Am 06.11.2019 um 22:28 schrieb Sage Weil:
> My current working theory is that the mgr is getting hung up when it tries 
> to scrape the device metrics from the mon.  The 'tell' mechanism used to  
> send mon-targetted commands is pretty kludgey/broken in nautilus and 
> earlier.  It's been rewritten for octopus, but isn't worth backporting--it 
> never really caused problems until the devicemanager started using it     
> heavily.
>
> In any case, this PR just disables scraping of mon devices for nautilus:
>
>         https://github.com/ceph/ceph/pull/31446
>
> There is a build queued at
>
>         
> https://shaman.ceph.com/repos/ceph/wip-no-scrape-mons-nautilus/d592e56e$
>
> which should get packages in 1-2 hours.
>
> Perhaps you can install that package on the mgr host and try again to 
> reproduce it again?
>
> I noticed a few other oddities in the logs while looking through them, 
> like
>
> 	https://tracker.ceph.com/issues/42666
>
> which will hopefully have a fix ready for 14.2.5.  I'm not sure about that 
> auth error message, though!
>
> sage
>
>
> On Sat, 2 Nov 2019, Oliver Freyermuth wrote:
>
>> Dear Sage,
>>
>> good news - it happened again, with debug logs! 

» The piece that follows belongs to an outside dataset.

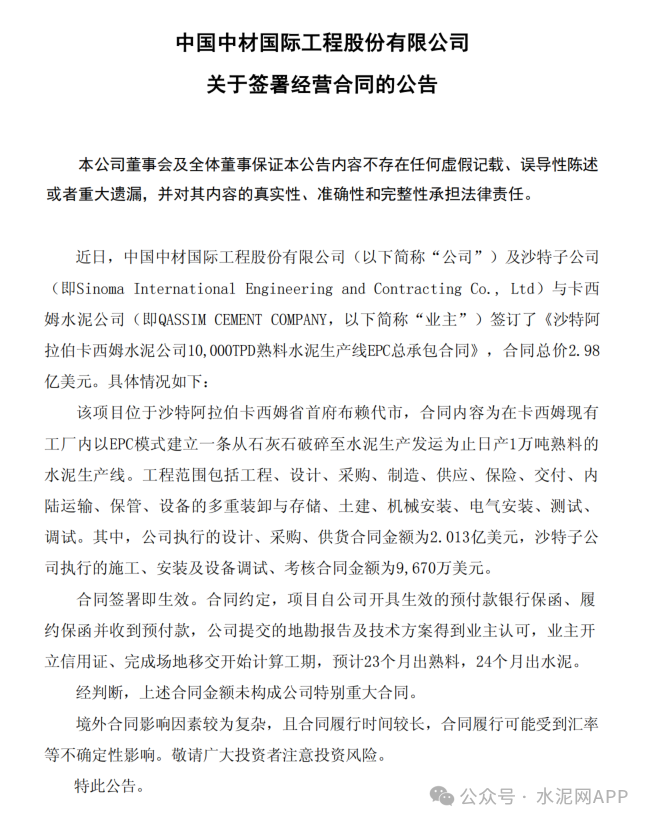 8月15日,中材國(guó)際公告稱,公司及沙特子公司與卡西姆水泥公司簽訂了《沙特阿拉伯卡西姆水泥公司10,000TPD熟料水泥生產(chǎn)線EPC總承包合同》,合同總價(jià)2.98億美元(約合21.4億元人民幣)。

>> There's nothing obvious to my eye, it's uploaded as:
>> 0b2d0c09-46f3-4126-aa27-e2d2e8572741
>> It seems the failure was roughly in parallel to me wanting to access the dashboard. It must have happened within the last ~5-10 minutes of the log. 
>>
>> I'll now go back to "stable operation", in case you need anything else, just let me know. 
>>
>> Cheers and all the best,
>> 	Oliver
>>
>> Am 02.11.19 um 17:38 schrieb Oliver Freyermuth:
>>> Dear Sage,
>>>
>>> at least for the simple case:
>>>  ceph device get-health-metrics osd.11
>>> => mgr crashes (but in that case, it crashes fully, i.e. the process is gone)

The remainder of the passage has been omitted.